Perusahaan Menggunakan Grab for Work

Mulai November 2017 ini perusahaan kami menggunakan jasa Grab for Work. Grab for Work merupakan salah satu layanan dari Grab yang menyediakan jasa transportasi untuk karyawan yang perlu melakukan perjalanan bisnis.

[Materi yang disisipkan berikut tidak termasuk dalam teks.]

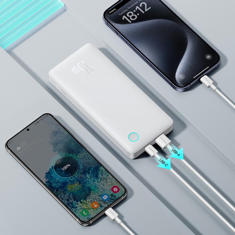 Det slanke 17 mm design gør den nem at have med i lommen, håndtasken, rygsækken eller laptop-tasken, mens 15W-opladningsudgangen hjælper med at oplade dine enheder hurtigere end standardopladning med lav effekt. Powerbanken er udstyret med både USB-C- og USB-A-porte, hvilket giver dig fleksible opladningsmuligheder for forskellige kabler og enheder. USB-C-porten fungerer også i begge retninger, så den kan bruges både til at oplade powerbanken og til at oplade dine enheder.
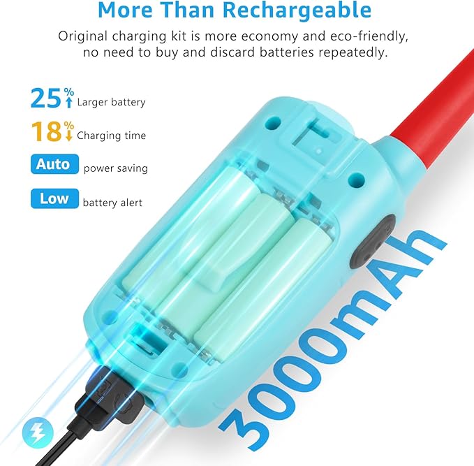 • 【Cost-Effective & Planet-Friendly】:Why keep buying batteries? With the USB rechargeable walkie talkies, say goodbye to repeatedly buying and trashing batteries. The original charging kit ensures you stay planet-friendly while saving money. The USB fast charging cable is also more convenient for charging anytime, anywhere, such as charging from a PC, car charger or power bank

Tentu saja, sebagai salah satu karyawan saya sangat menyambut positif langkah ini. Karena saya tidak perlu repot lagi menyetir sendiri jika ada tugas ke luar kantor. Apalagi lalu lintas Jabodetabek itu tahu sendiri kan macetnya kayak apa? Apalagi mobil saya transmisinya manual, tentu merupakan siksaan tersendiri jika harus menyetir sendiri di kemacetan berjam-jam.

Dengan Grab for Work saya tidak perlu membayar taxi-online Grab karena secara otomatis tagihan dibebankan ke perusahaan. Lebih asyiknya lagi karena Grab for Work ini juga menanggung biaya toll dan parkir (jika ada). Selama ini kami harus membuat rekap perjalanan, mengumpulkan tiket toll dan parkir untuk kemudian di-reimburse ke kantor. Ini merupakan kerepotan sendiri, hehehe…

Karena semuanya langsung ditagihkan ke perusahaan, karyawan jadi lebih praktis kalau perlu melakukan perjalanan bisnis. Tinggal pesan Grab, tentukan tujuan, masukkan kode perusahaan, tuliskan keperluan perjalanan bisnis, dan tunggu mobil grab datang menjemput dan kemudian mengantarkan ke tujuan. Setelah sampai tujuan tidak perlu bayar. Asyik ya?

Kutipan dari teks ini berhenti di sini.